JWT Structure and Claims

The three parts of a JSON web token and why signing not hiding is the point.

5 min read · core · beat Gold to climb

Three base64 parts

A JSON web token is three base64url encoded sections joined by dots:

  • The header, naming the signing algorithm.
  • The payload, holding the claims.
  • The signature, computed over the header and payload.

Claims

The payload carries claims about the subject. Standard registered claims include iss issuer, sub subject, aud audience, exp expiry, and iat issued at. Applications add custom claims like roles, but should keep tokens small.

Signed, not encrypted

A crucial point: a standard signed JWT is not encrypted. Anyone can base64 decode the payload and read it, so secrets must never be placed inside. The signature only guarantees integrity: it proves the token was not altered and was issued by a holder of the signing key.

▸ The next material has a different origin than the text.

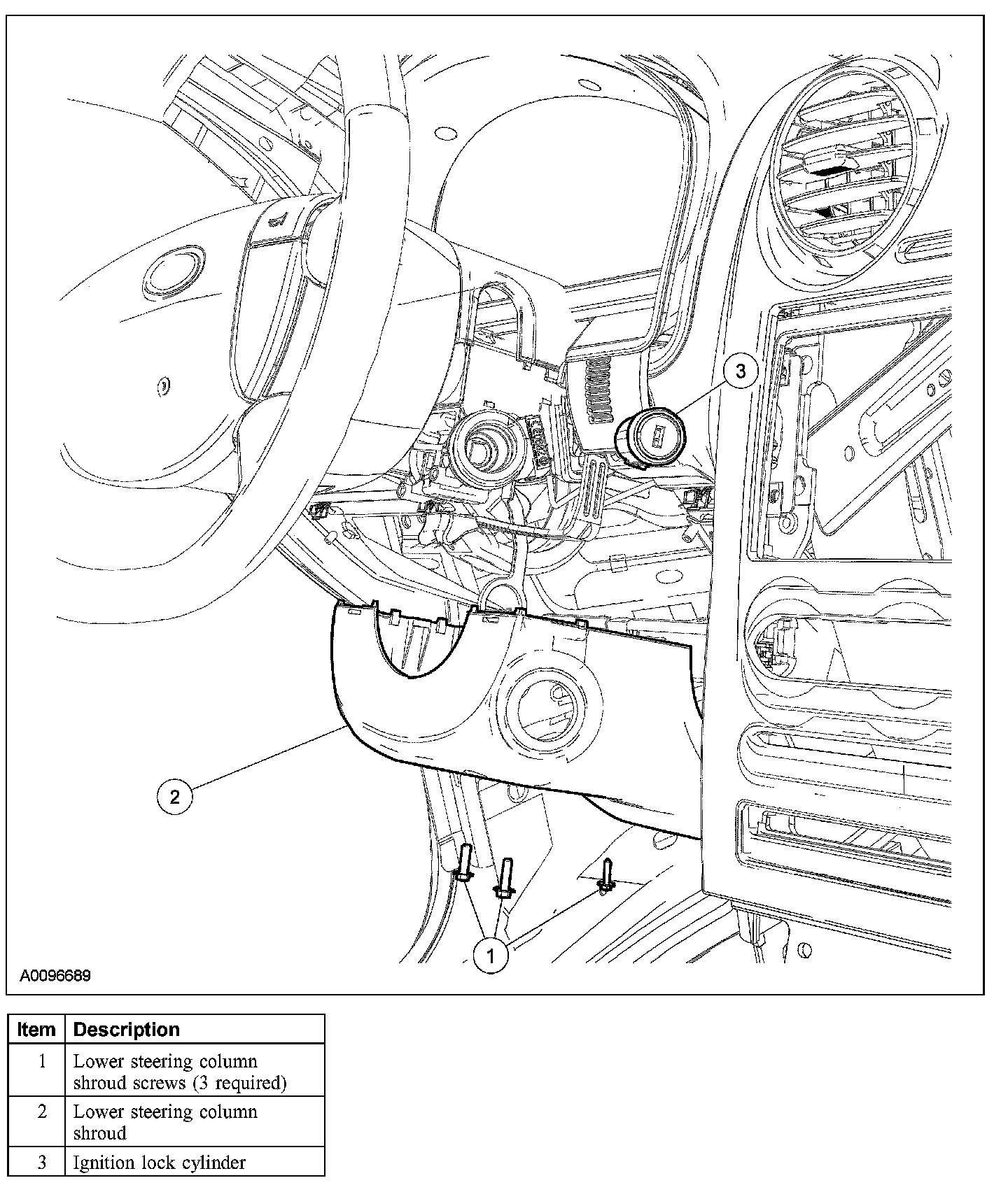 3. Remove the 3 lower steering column shroud screws.

Servers must verify the signature and the claims, especially exp and aud. Accepting an unverified token, or trusting the header's algorithm field blindly, is a well known vulnerability.

Key idea

A JWT is a signed header, payload, and signature; the signature guarantees integrity, not secrecy, so the readable payload must hold no secrets.

Check yourself

Answer to earn rating on the learn ladder.

1. What does a standard signed JWT guarantee about its payload?

2. Why should secrets never be placed in a JWT payload?

3. Which claim should the server always check to reject stale tokens?